O Ministério da Previdência Social considera direito adquirido o direito acumulado por qualquer trabalhador até a data da mudança da lei. Parecer jurídico do ministério, preparado por determinação do ministro Ricardo Berzoini com base nas súmulas do Supremo Tribunal Federal (STF), esclarece que em matéria previdenciária o segurado só tem direito adquirido quando preenche ''todos'' os requisitos necessários para a obtenção de determinado benefício.

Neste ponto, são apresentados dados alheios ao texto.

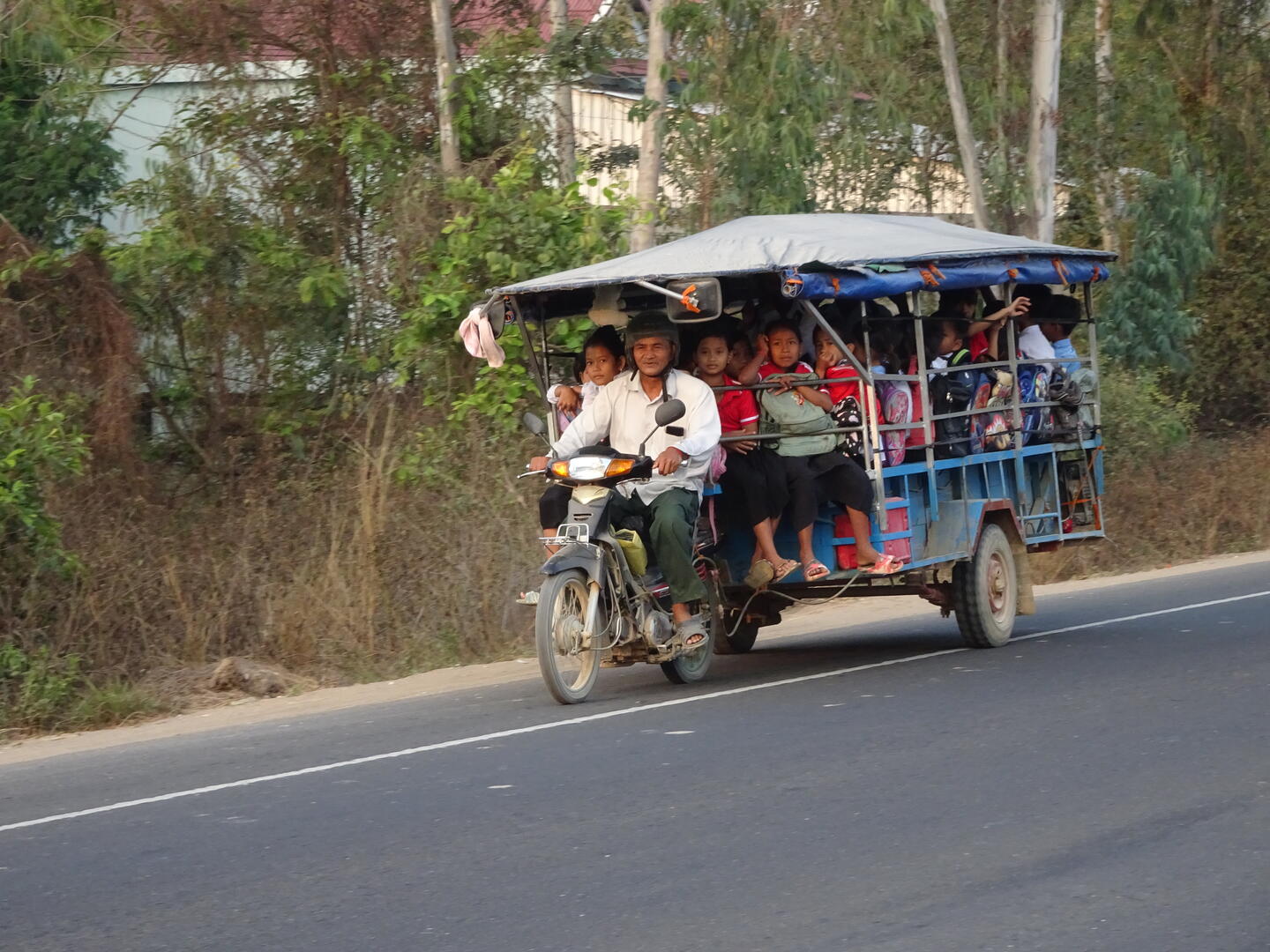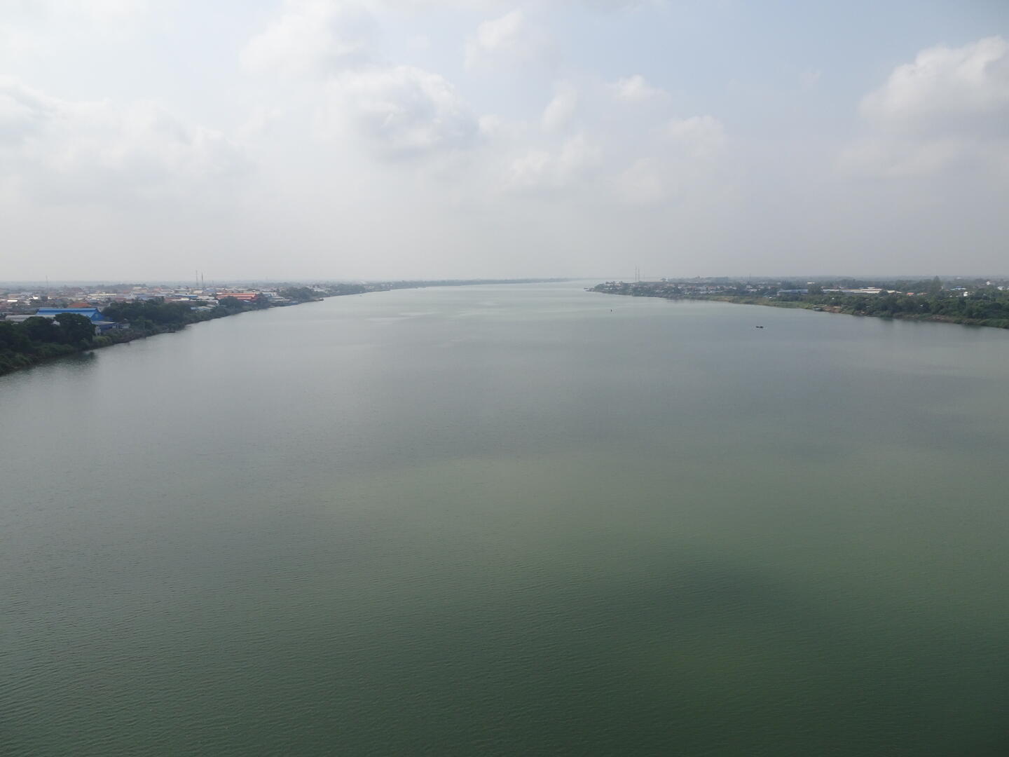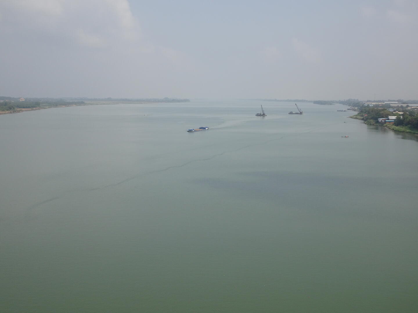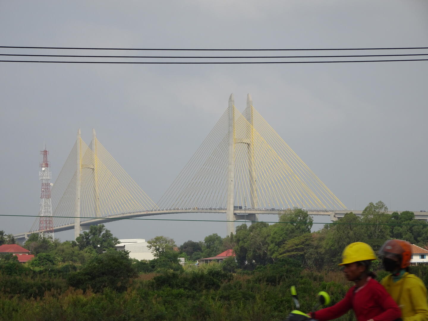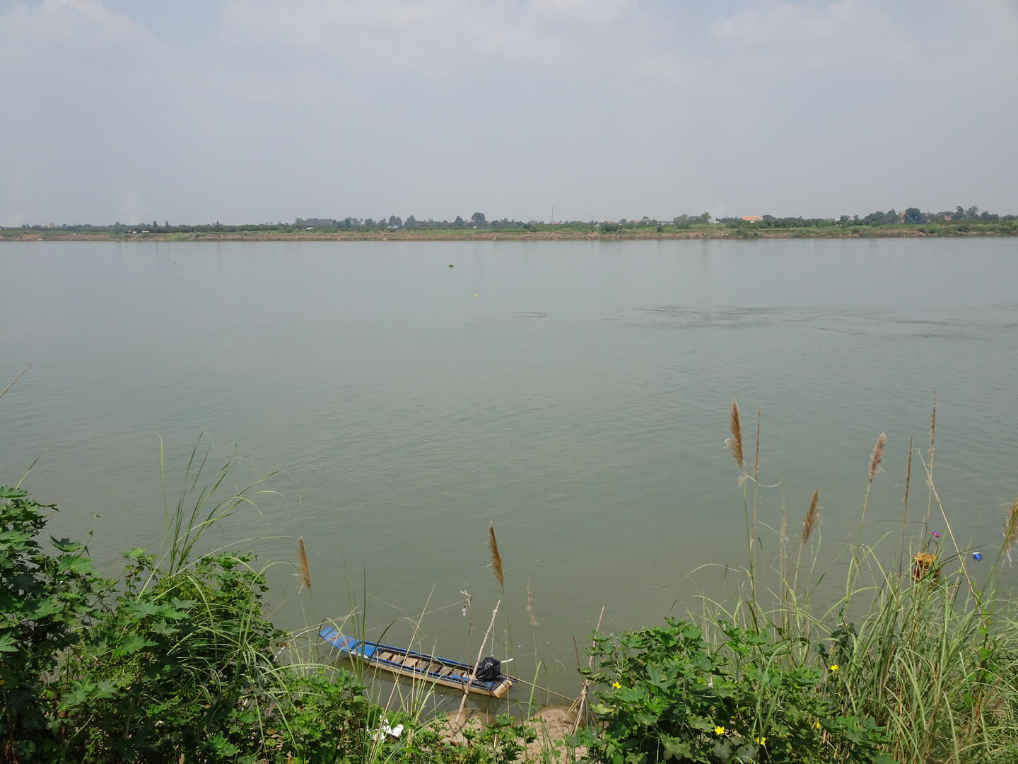 Bereits etwa 30 km vor der kambodschanischen Hauptstadt, Phnom Penh, nahm der Verkehr zu. Die Zahl der Mopeds erhöhte sich und es wurde großstadttypisch schneller, aggressiver und mit geringem Sicherheitsabstand gefahren. Den Mekong, dessen Verlauf wir anschließend bis Phnom Penh folgten, überquerten wir auf der beeindruckenden, 2,2 km langen Tsubasa-Brücke. Von der hohen Brücke hatten wir gute Sicht auf die flache und breite Mekongebene sowie auf den majestätischen Strom. Die Einheimischen scheinen weniger Wert auf die Aussicht auf den Fluss zu legen. An einer Stelle, an der der AH1 dem Mekong sehr nahe kommt, gibt es zwar viele einfache Lokale, doch alle hatten zwischen dem Bereich für die Gäste und dem Fluss entweder die Küche oder hohe Wellblechzäune gesetzt. Von keinem der Plätze ist der Mekong zu sehen. Um einen Blick auf den Fluss zu werfen, mussten wir erst die Küche eines Lokals passieren.

Para ter acesso hoje à aposentadoria proporcional no setor público, por exemplo, é preciso que o homem atinja a idade mínima de 53 anos e a mulher 48, além de já terem cumprido o pedágio determinado pela emenda constitucional número 20, correspondente a 40% do tempo que faltava em dezembro de 1998 para completar 30 ou 25 anos de contribuição. Se, até a data da promulgação da nova reforma, o servidor não contar com os dois requisitos, ele será atingido pelas novas regras que prevê aposentadoria integral apenas aos 60 anos (homem) e 55 anos (mulher), podendo se aposentar com até sete anos menos da idade exigida, mas com redução do valor do benefício de 5% por ano antecipado. Este servidor não poderá alegar o famoso direito adquirido.
O especialista em previdência social, Marcelo Viana Estevão de Moraes, afirma que mesmo depois dessa reforma o regime de previdência para os atuais servidores públicos continuará sendo um dos mais generosos do mundo. ''Qual País que permite a aposentadoria aos 60 e 55 anos?'', pergunta. Na avaliação de Moraes, o governo Lula está no caminho certo, mas muitas outras reformas virão pela frente, inclusive no Instituto Nacional do Seguro Social (INSS). ''Essa reforma não corta na carne, mas apenas na gordura'', disse.